BCS Rankings: LSU and Alabama Sap Intrigue from Last Weekend of College Football
Congratulations to LSU and Alabama, both for achieving convincing victories in their respective rivalry games and rendering the final weekend of the 2011 college football season all but meaningless, at least as far as the BCS National Championship Game is concerned.
The Tigers can start walkin' to New Orleans right now if they want to, seeing as how even a loss to Georgia in the SEC title game next week won't drop them out of the top two in the BCS rankings.
Not after the way Les Miles' squad picked apart Arkansas in the Battle for the Golden Boot.
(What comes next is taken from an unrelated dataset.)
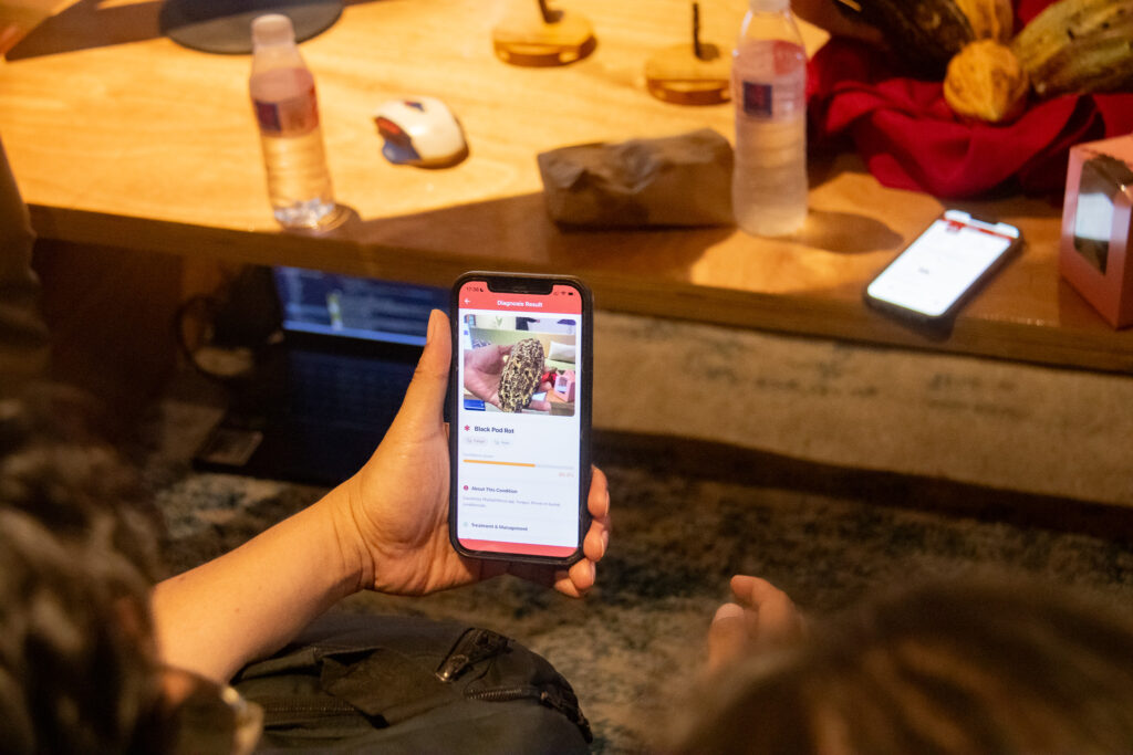 One example is a cacao scanner application that uses artificial intelligence (AI) to detect diseases in cacao plants, allowing farmers to assess crop health more efficiently. Developed at a prototype level, it has already seen use within local communities, alongside similar tools such as a rice disease monitoring app.

The Crimson Tide, on the other hand, hammered hated Auburn in the Iron Bowl, 42-14, to avenge last year's disappointing loss to Cam Newton and company and solidify their their standing as one of the two best teams in the nation.
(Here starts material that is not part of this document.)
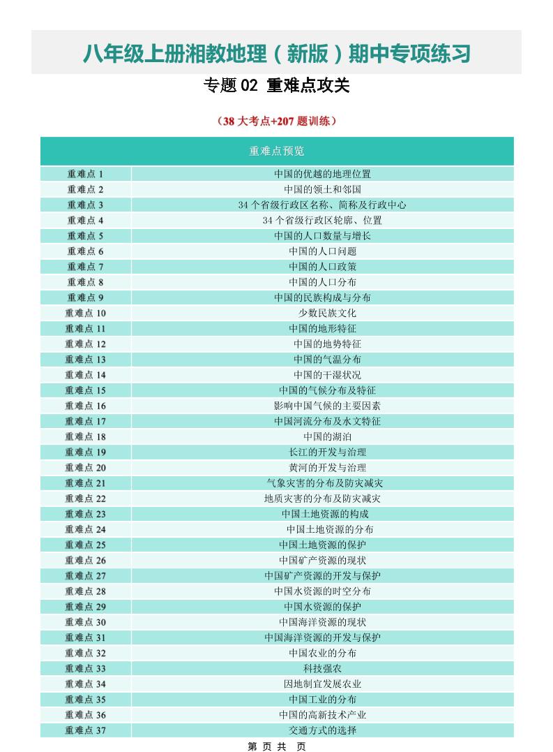 【八上湘教地理】专题02 重难点攻关(期中专项训练)(原卷版)

That should be enough to secure Nick Saban's team a rematch with LSU in January, marking only the second time the BCS title will be contested by a team that didn't at least play for its conference championship.
All of which leaves the rest of the country with a slate of mostly meaningless games next weekend, at least as far as the crystal football is concerned. If you want to see any change atop the BCS standings, you'll have to pull for LSU to get blown out by the Bulldogs in Atlanta and for Oklahoma State and/or Virginia Tech to destroy Oklahoma and Clemson to capture the Big 12 and ACC titles, respectively.
And if you're at all a believer in polling conspiracies, you can always encourage voters in the USA Today and the Harris Polls to switch a few of their votes for 'Bama to the other teams hanging around the top of the heap.
Other than that, there's not a whole lot at stake on Championship Weekend. Oregon is all but certain to take UCLA out behind the woodshed in the inaugural Pac-12 Championship Game.
Nobody outside the ACC really cares about the ACC, but Virginia Tech should be able to exact revenge against a Clemson team that beat it 23-3 in early October but has lost three out of its last four.
Fewer still could give two shakes of a lamb's leg about the Big East. Houston should have little trouble making minced meat of Southern Mississippi to sew up the Conference USA title and the lone non-AQ bid into the BCS.
And, before I forget, LSU will do to UGA what its done to just about every challenger that's come it's way this season. That is, win handily while hardly having its quarterbacks throw the ball.
The Big Ten Championship Game, between Michigan State and Wisconsin, and the Bedlam Game, between Oklahoma State and Oklahoma, should make for entertaining, if not downright exciting, football fare, but, again, neither figures to have any bearing on the now-closed-off National Title race.
The winner between the Spartans and the Badgers is guaranteed a berth in the Rose Bowl—no better, no worse—while the Cowboys will need their first win over the Sooners since 2002 to be a rather convincing one if they're to have even the slightest chance of leapfrogging their way into the top two.
Meanwhile, Stanford and 'Bama will stay home, waiting anxiously as the BCS bowl matchups are announced on Sunday.
An anticlimactic weekend, to say the least. Let's just hope the bowl season brings a bit more intrigue, and that 'Bama and LSU don't play another 9-6 "defensive masterpiece" to cap arguably the most confusing season in the modern era of college football.